» PROBLEM REQUIREMENTS
From the material below, return exactly the lines starting at the one that holds "18 Karat Gold" and ending at the one that holds "รอยตำหนิ: ปีกขวาแนบตัวไม่สนิท เรียกชื่อจะขานรับ". Pictures stay out of the answer.

» RECORDS SUPPLIED
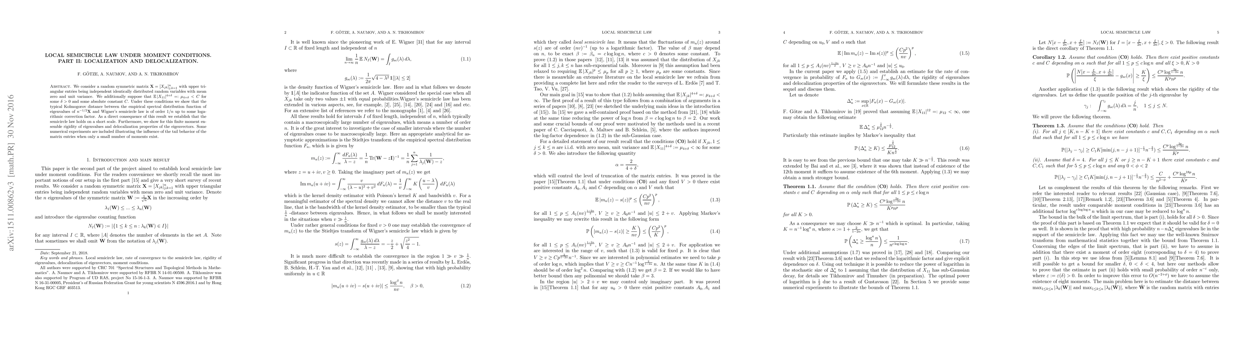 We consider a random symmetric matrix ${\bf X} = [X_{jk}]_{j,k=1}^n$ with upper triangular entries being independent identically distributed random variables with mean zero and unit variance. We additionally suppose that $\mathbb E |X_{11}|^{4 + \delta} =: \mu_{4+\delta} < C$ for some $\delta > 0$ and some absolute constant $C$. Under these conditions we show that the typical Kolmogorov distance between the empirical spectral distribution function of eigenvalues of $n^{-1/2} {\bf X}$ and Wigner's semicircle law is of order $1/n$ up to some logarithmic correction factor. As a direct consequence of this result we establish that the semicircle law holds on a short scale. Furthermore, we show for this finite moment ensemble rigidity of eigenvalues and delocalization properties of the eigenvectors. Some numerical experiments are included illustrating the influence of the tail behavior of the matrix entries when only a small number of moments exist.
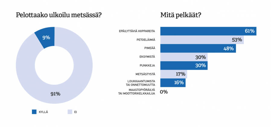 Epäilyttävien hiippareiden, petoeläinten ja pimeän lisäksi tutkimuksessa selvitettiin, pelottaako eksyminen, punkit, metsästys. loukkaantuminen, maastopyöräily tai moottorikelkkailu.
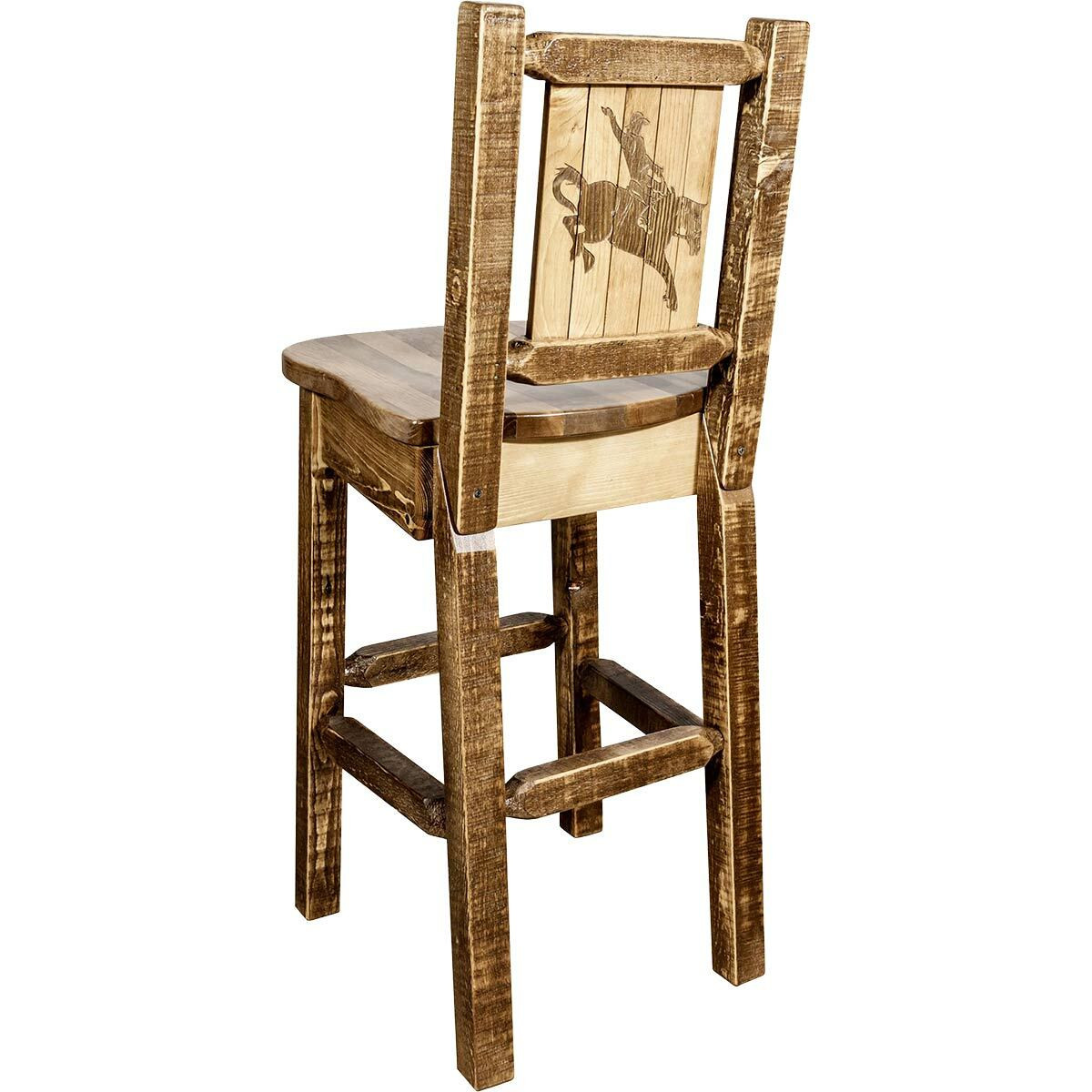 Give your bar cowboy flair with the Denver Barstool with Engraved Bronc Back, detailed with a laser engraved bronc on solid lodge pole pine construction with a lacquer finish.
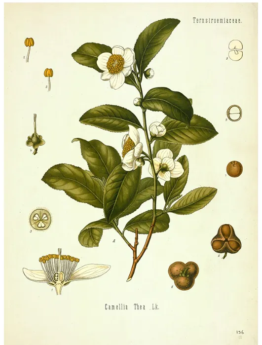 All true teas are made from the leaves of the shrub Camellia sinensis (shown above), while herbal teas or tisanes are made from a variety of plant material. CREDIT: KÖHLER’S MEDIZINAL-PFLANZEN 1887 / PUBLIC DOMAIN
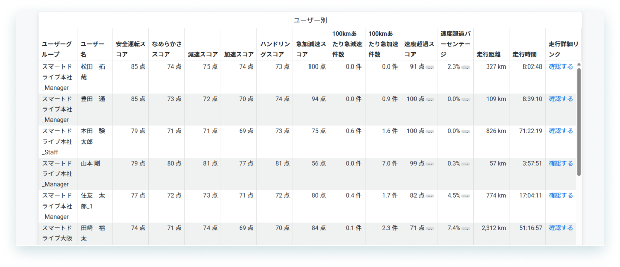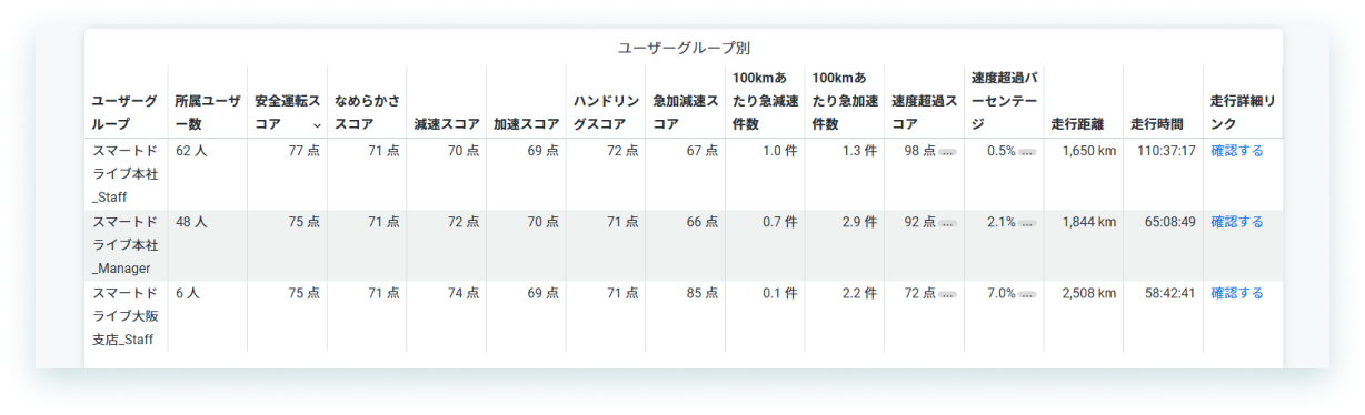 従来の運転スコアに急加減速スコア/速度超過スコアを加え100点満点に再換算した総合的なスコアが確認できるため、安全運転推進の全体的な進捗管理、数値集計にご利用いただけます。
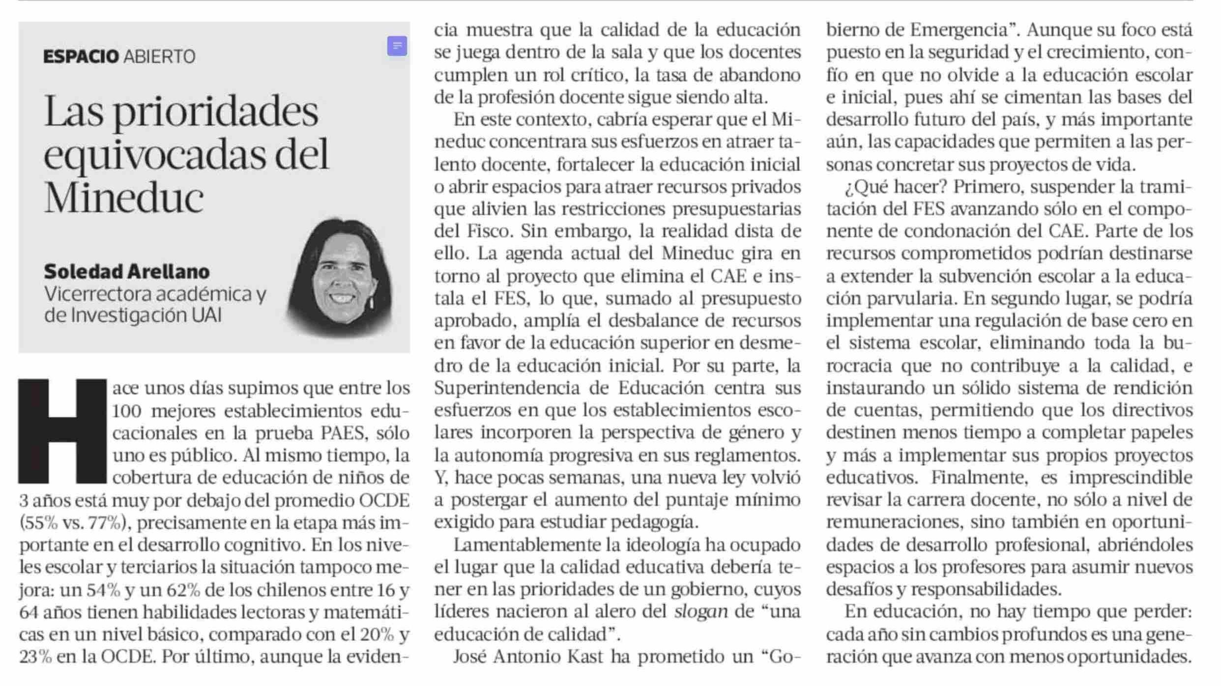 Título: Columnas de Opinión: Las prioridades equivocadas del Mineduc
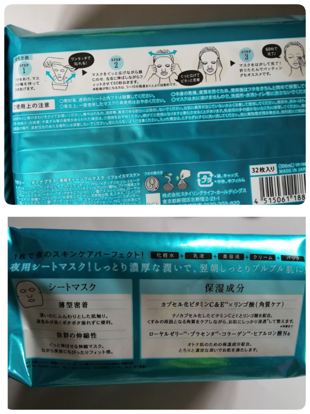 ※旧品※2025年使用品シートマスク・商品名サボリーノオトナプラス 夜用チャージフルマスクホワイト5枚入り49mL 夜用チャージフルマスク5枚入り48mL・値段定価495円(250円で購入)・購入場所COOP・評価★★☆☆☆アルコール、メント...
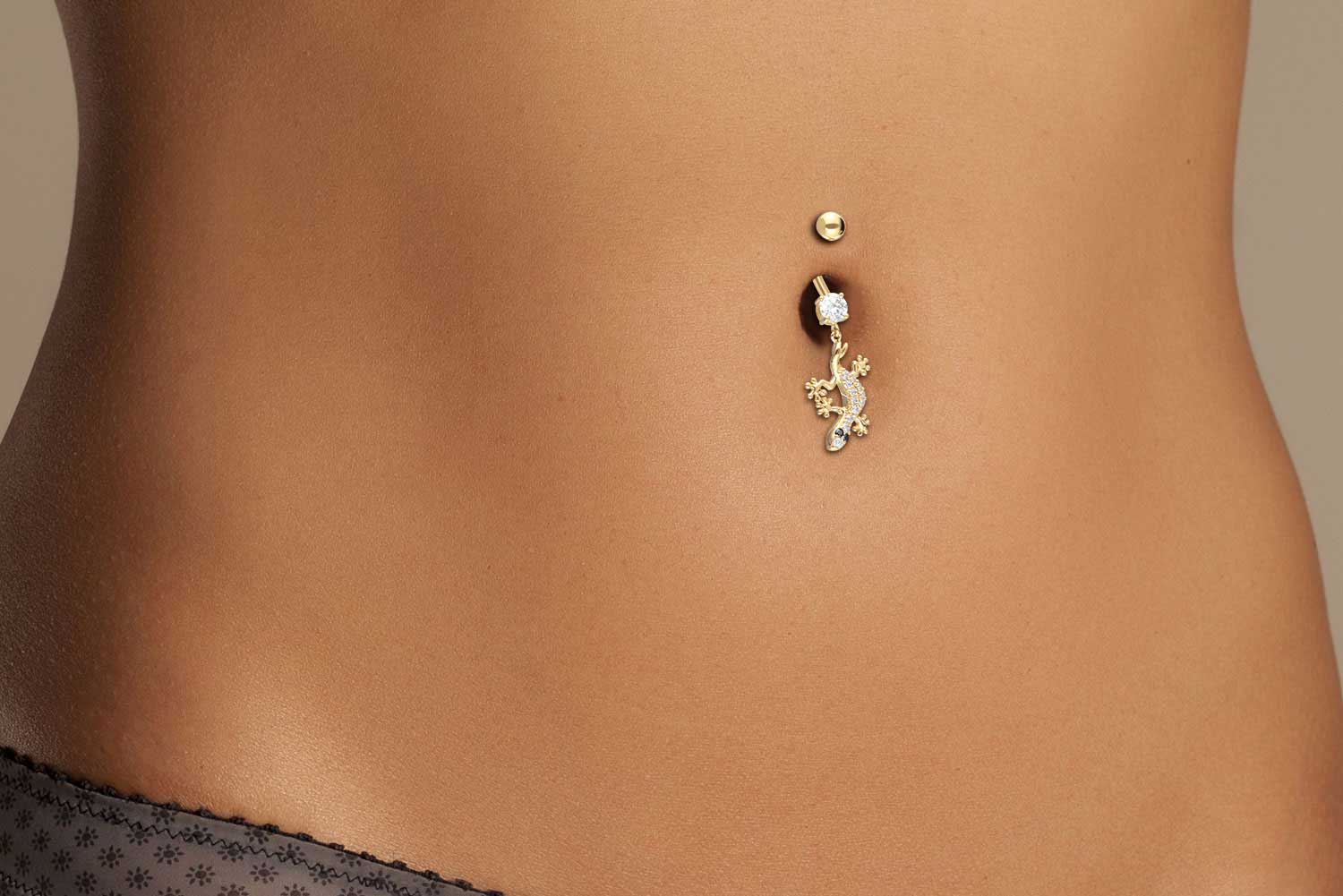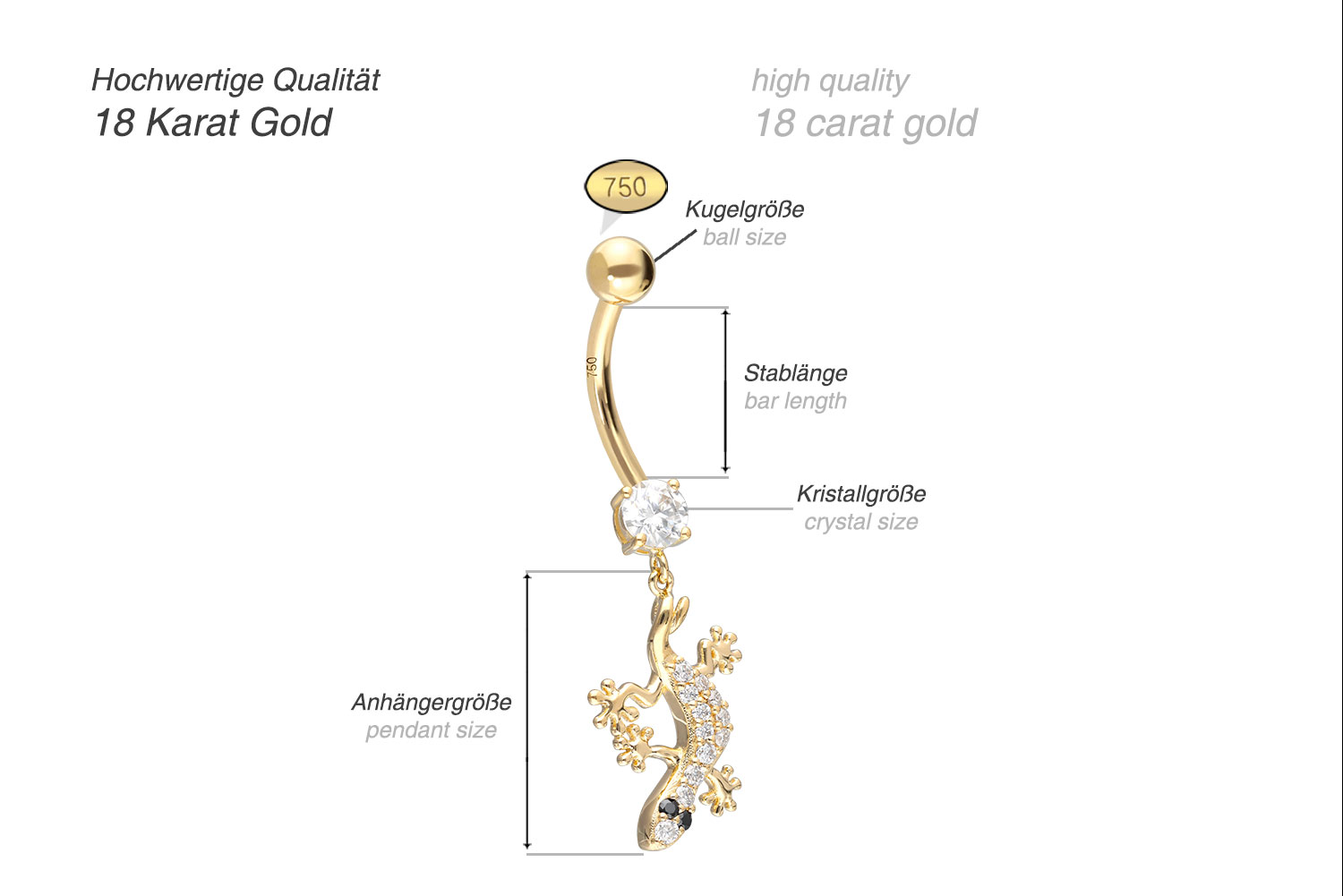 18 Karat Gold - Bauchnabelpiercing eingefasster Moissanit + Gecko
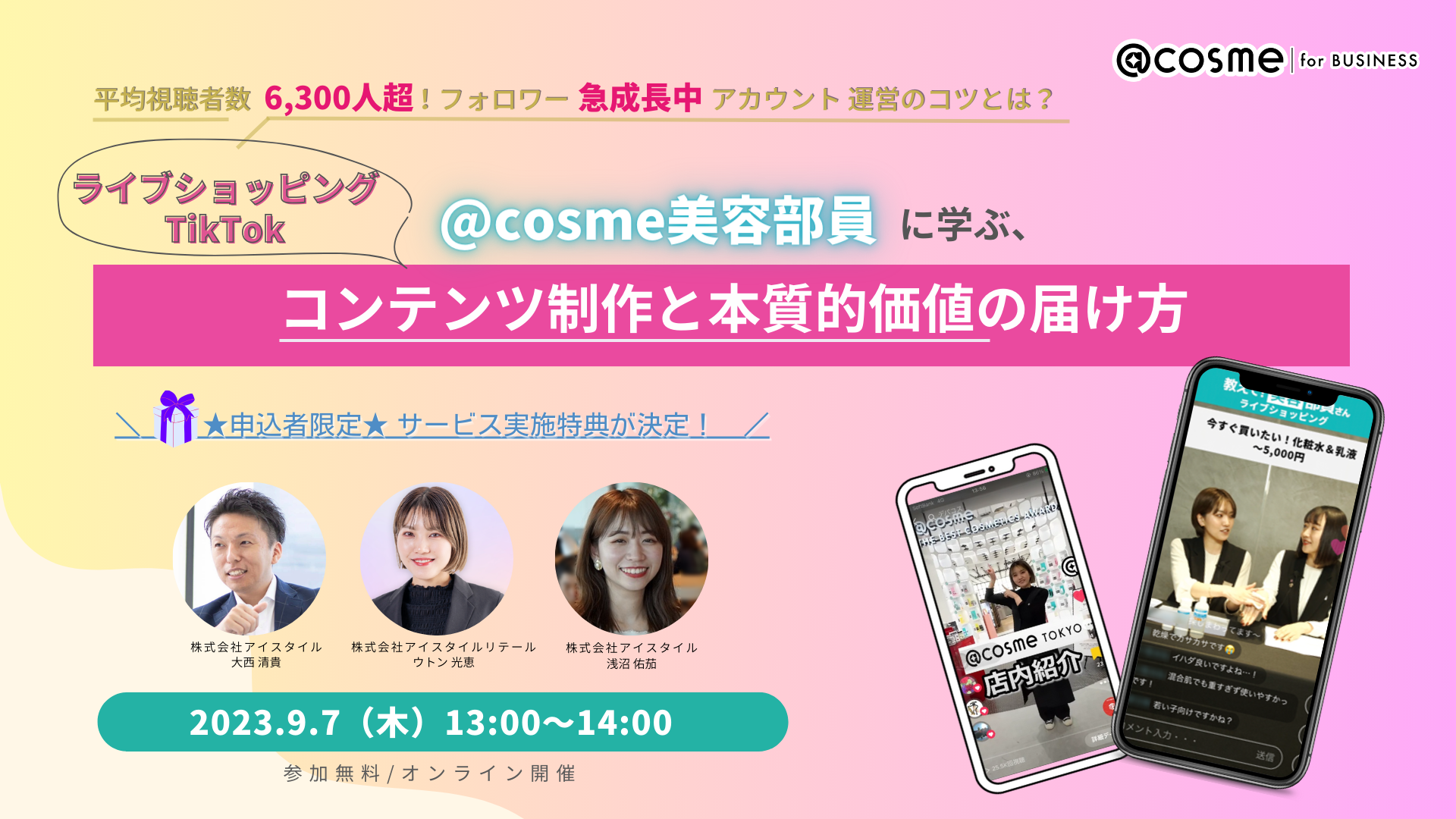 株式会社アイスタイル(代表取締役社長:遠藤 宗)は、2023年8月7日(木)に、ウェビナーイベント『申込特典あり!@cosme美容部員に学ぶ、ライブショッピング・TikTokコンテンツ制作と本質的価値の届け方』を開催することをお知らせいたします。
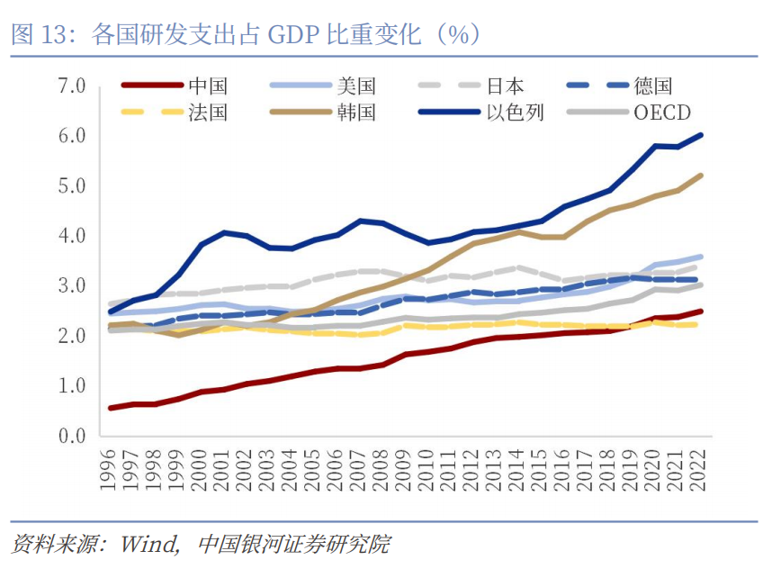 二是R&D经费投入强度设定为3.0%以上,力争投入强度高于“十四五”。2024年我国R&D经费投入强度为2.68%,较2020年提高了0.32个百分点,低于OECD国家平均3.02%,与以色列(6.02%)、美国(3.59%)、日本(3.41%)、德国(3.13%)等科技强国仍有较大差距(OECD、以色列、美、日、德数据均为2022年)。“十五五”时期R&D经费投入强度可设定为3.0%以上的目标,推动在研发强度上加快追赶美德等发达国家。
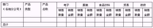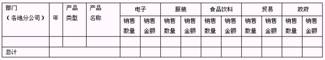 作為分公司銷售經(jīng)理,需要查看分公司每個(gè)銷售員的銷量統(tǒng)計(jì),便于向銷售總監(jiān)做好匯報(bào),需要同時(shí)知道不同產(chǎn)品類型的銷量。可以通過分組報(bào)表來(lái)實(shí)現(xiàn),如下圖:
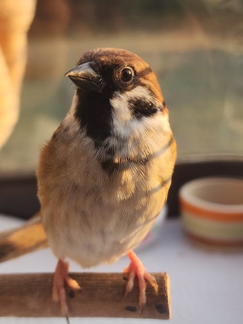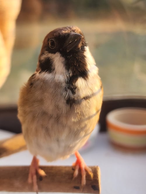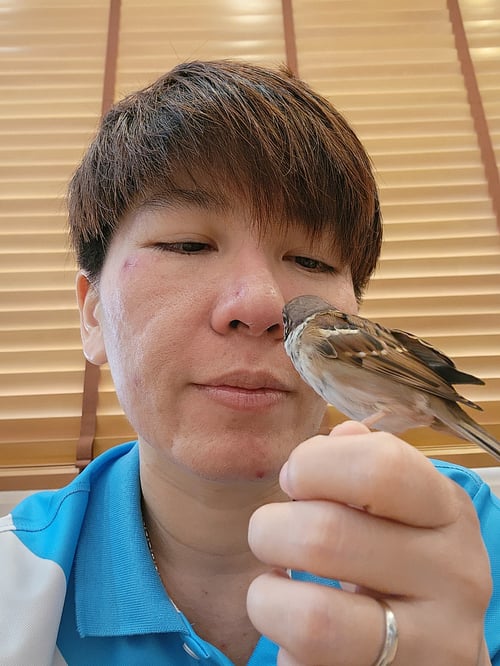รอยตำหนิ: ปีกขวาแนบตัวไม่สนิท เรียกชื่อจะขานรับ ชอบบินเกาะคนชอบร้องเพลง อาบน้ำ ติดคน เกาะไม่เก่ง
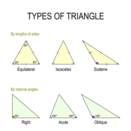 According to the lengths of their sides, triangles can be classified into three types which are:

» ANSWER
 18 Karat Gold - Bauchnabelpiercing eingefasster Moissanit + Gecko
 株式会社アイスタイル(代表取締役社長:遠藤 宗)は、2023年8月7日(木)に、ウェビナーイベント『申込特典あり!@cosme美容部員に学ぶ、ライブショッピング・TikTokコンテンツ制作と本質的価値の届け方』を開催することをお知らせいたします。
 二是R&D经费投入强度设定为3.0%以上,力争投入强度高于“十四五”。2024年我国R&D经费投入强度为2.68%,较2020年提高了0.32个百分点,低于OECD国家平均3.02%,与以色列(6.02%)、美国(3.59%)、日本(3.41%)、德国(3.13%)等科技强国仍有较大差距(OECD、以色列、美、日、德数据均为2022年)。“十五五”时期R&D经费投入强度可设定为3.0%以上的目标,推动在研发强度上加快追赶美德等发达国家。
 作為分公司銷售經(jīng)理,需要查看分公司每個(gè)銷售員的銷量統(tǒng)計(jì),便于向銷售總監(jiān)做好匯報(bào),需要同時(shí)知道不同產(chǎn)品類型的銷量。可以通過分組報(bào)表來(lái)實(shí)現(xiàn),如下圖:
รอยตำหนิ: ปีกขวาแนบตัวไม่สนิท เรียกชื่อจะขานรับ ชอบบินเกาะคนชอบร้องเพลง อาบน้ำ ติดคน เกาะไม่เก่ง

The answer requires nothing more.